How Many Carbs You Should Eat to Build Muscle

Find out from registered dietitians how carbs fuel exercise to help you pack on muscle.

When it comes to complementing your muscle-building efforts in the gym, many people think you need to eat protein, followed by protein, and then more protein. However, the notion that high protein intake alone builds muscle is one of the biggest misconceptions in the fitness world. Instead, your body requires a balanced diet rich in various nutrients from various food sources to optimize muscle building.

Though protein is essential for muscle growth, you also need carbohydrates to fuel your body and muscles for optimal performance. A meta-review published in Nutrients in February 2022 concluded that carbohydrate intake is critical for strength-training performance and recovery. "People believe carbs are only good for fueling your body and not for building muscle.
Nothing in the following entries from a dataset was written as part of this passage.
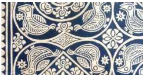
Slika 9: prikaz primjera kineskog batika

[ http://www.maisondexceptions.com/en/china-blue-the-batik-of-miao/ ]
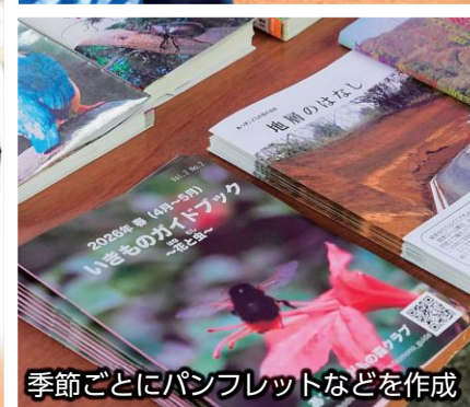
季節ごとにパンフレットなどを作成
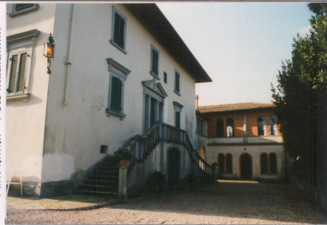
p.v. N. 3...Facciata nord.....
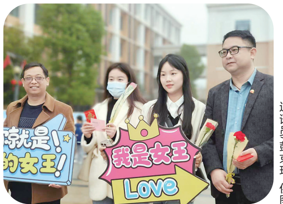
▲二中枫溪学校小学部西校区的女教师们为女教师送上鲜花的。
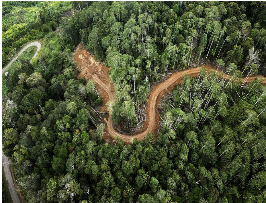
Salah Satu Gambar Yang Menggambarakan Kondisi Hutan Lindung Beutong Yang Rusak Akibat Pertambangan 15

masyarakat di sekitarnya. Hutan lindung adalah kawasan hutan yang mempunyai fungsi pokok sebagai perlindungan sistem penyangga kehidupan untuk mengatur tata air, mencegah banjir, mengendalikan erosi, mencegah intrusi air laut, dan memelihara kesuburan tanah.
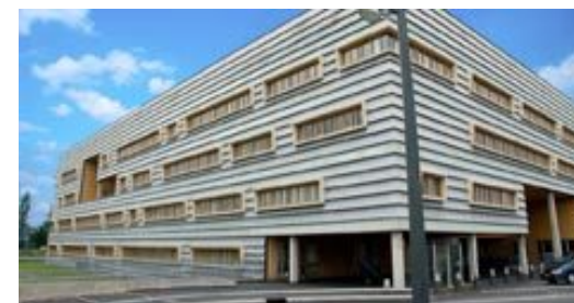
Apotheek SG Locatie Haarlem Noord
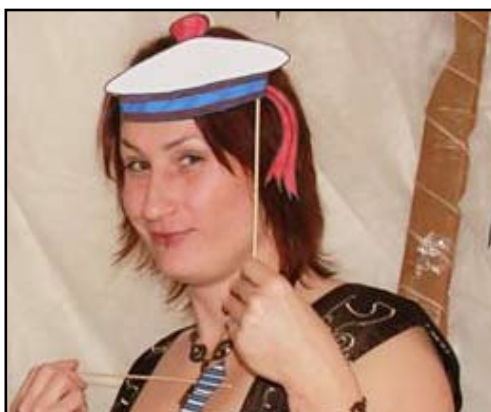
Nová kulturní i divadelní posila Zichy
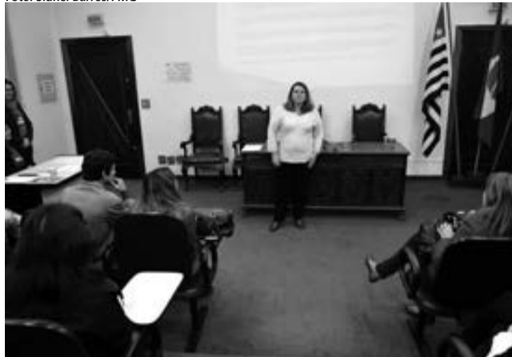
Profissionais da saúde são capacitados para usar os medicamentos

nais de saúde vão aprender a confeccionar composteiras domésticas, cujo húmus será usado nas hortas e canteiros.
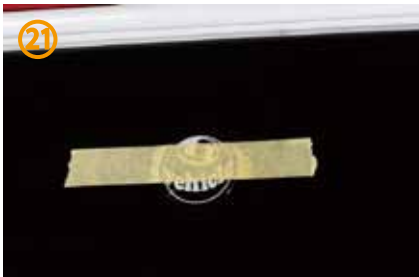
㉑マスキングテープ等で固定すれば作業がしやすくなります。
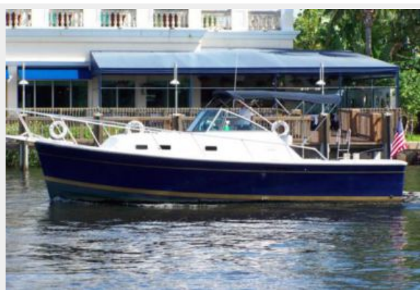
1 -1998 Mainship Pilot 30 _Luna Sol_
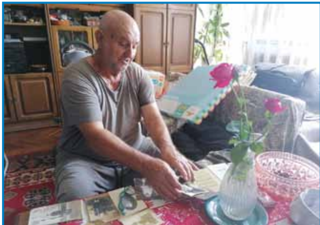
Joži Dončec dosta stari kejpov majo

pa leta 1926 sta domau prišle. Oča, on se je leta 1911 v Meriki v Brooksvilli naraudo.«
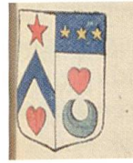
Fig. 28. Armoiries de Claude Daidier, Armorial général , Provence II, 1641.
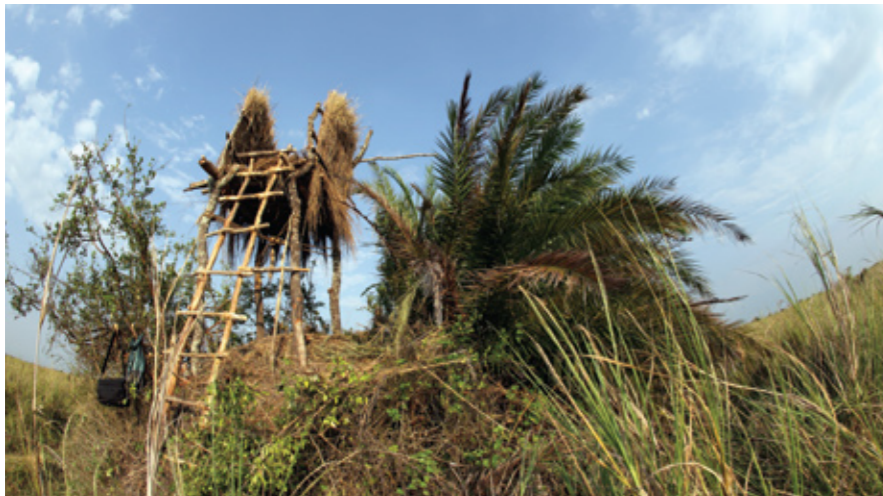
На ситатунг традиционно охотятся из засидки (называемой махан) с видом на болотистые места, где было замечено их появление.

может составлять всего полтора метра. Природа обладает своими инструментами адаптации, и практически всё, что живёт в лесу, маленькое – лесной слон минимум на треть меньше своего собрата, обитающего в саванне, а карликовый буйвол является самым маленьким из пяти видов буйволов, обитающих сегодня в Африке.
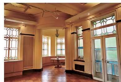
▲虎豹別墅內部，融合中西文化元素。
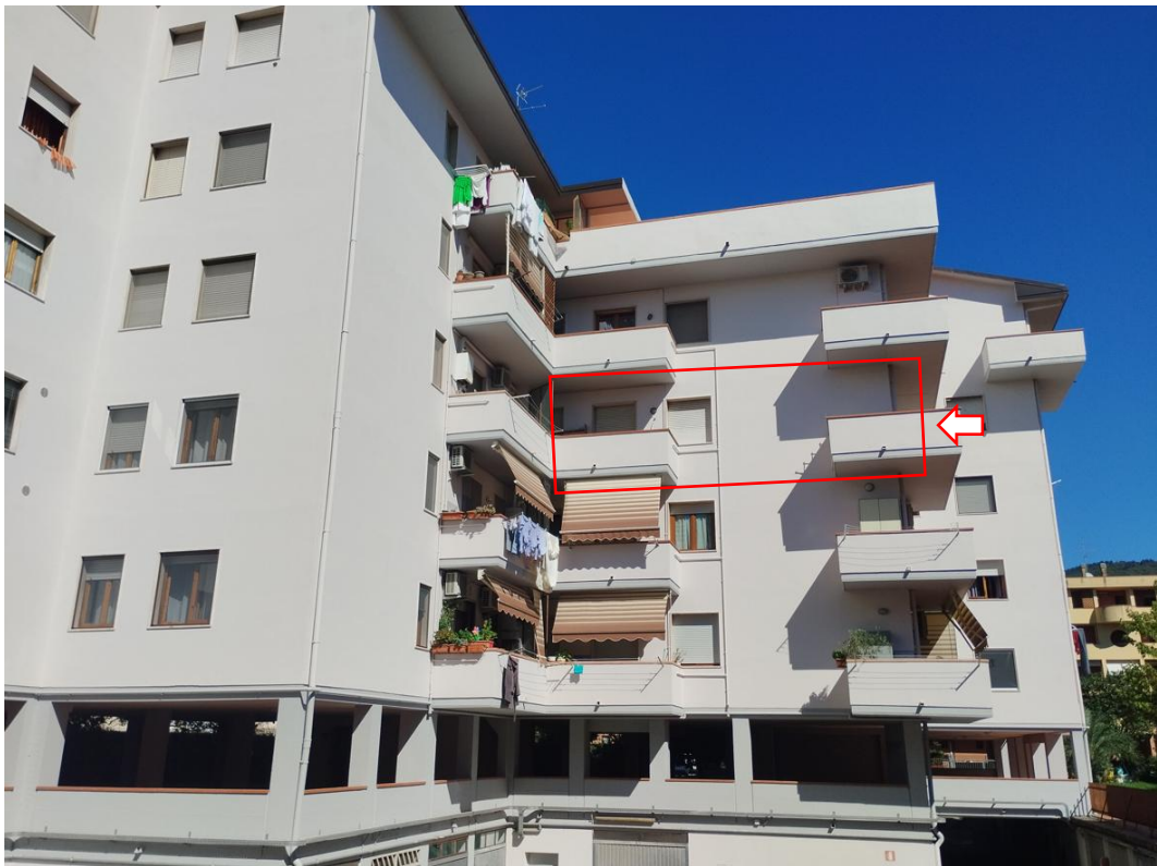
Figura 22 – Fronte dell'edificio

However, this couldn't be further from the truth," says Reda Elmardi, RD, CPT, a registered dietitian, personal trainer and owner of The Gym Goat. "Carbohydrates are the primary fuel source for our muscles. If we don't get enough carbs, our bodies won't have the fuel to build muscle."

While not all carbs are equal, choosing the right carbs can impact your muscle-building progress. Keep reading to discover why carbs are essential for building muscle and how many you should eat daily to promote muscle growth. Plus, we'll dissect the protein-versus-carb debate to determine which nutrient is more important for adding muscle to your frame.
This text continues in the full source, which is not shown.